Esto nos lleva a encontrar una gran riqueza en el Ecuador, situado entre el Trópico de Cáncer y el Trópico de Capricornio, contrastando —por oposición— con una zona monocromática —muy pobre en materia prima—, que se encuentra en los polos Norte y Sur. ¿Cómo podríamos hacer entender a un esquimal lo que es un perico verde cuando en sus tierras no habitan aves y no existe el color verde? —exagerando el caso. Asimismo, ¿cómo podemos comprender nosotros la complejidad intrínseca de los diversos nombres que ellos aplican al blanco? Dicha denominación implica más que nombrar un simple color.
Así, podemos intentar comprender cómo un cardiólogo se involucra en una tarea tan apartada de su profesión como la pintura y el significado iconográfico de los corazones. Un médico que nos comparte su búsqueda y sus descubrimientos en torno a una forma, un símbolo, un órgano del cual dependemos y, en lo particular, del cual él depende —literal y simbólicamente hablando— para vivir y sobrevivir, para comunicarnos y expresar muchas veces nuestros sentimientos.
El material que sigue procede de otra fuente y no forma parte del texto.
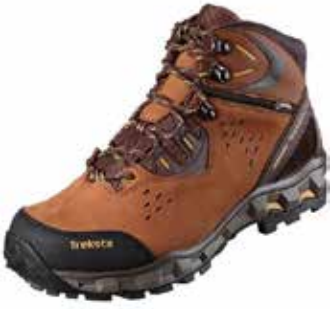
▲최근 신발산업진흥센터로부터 'KAS 공인 제품인증' 을 받은 트렉스타의 '익스트림 GTX' 제품

부산경제진흥원은 산하 신발산업진흥센터(신발센터)가 (주)트렉스타의 '익스트림 GTX' 제품에 국내 최초로 'KAS(한국제품인정기구)

Jorge Oseguera, de una forma lúdica, nos sumerge en su mundo, tanto natural como artificial, espontáneo y deliberado; un mundo donde el sentimiento iconográfico pudiera hacernos una jugada y llevarnos al mundo kitsch, donde la cardiología se sienta a comer al lado de la “cordiología”, y donde la más pura de las emociones humanas, el sentimiento, nos puede hacer ruborizar.
Quisiera redondear esta breve introducción con una frase de Marguerite Yourcenar que Oseguera incluye como un elemento que da fe del corazón en su modo virtual más allá de la realidad física: “Hay que escuchar a la cabeza, pero dejar hablar al corazón”.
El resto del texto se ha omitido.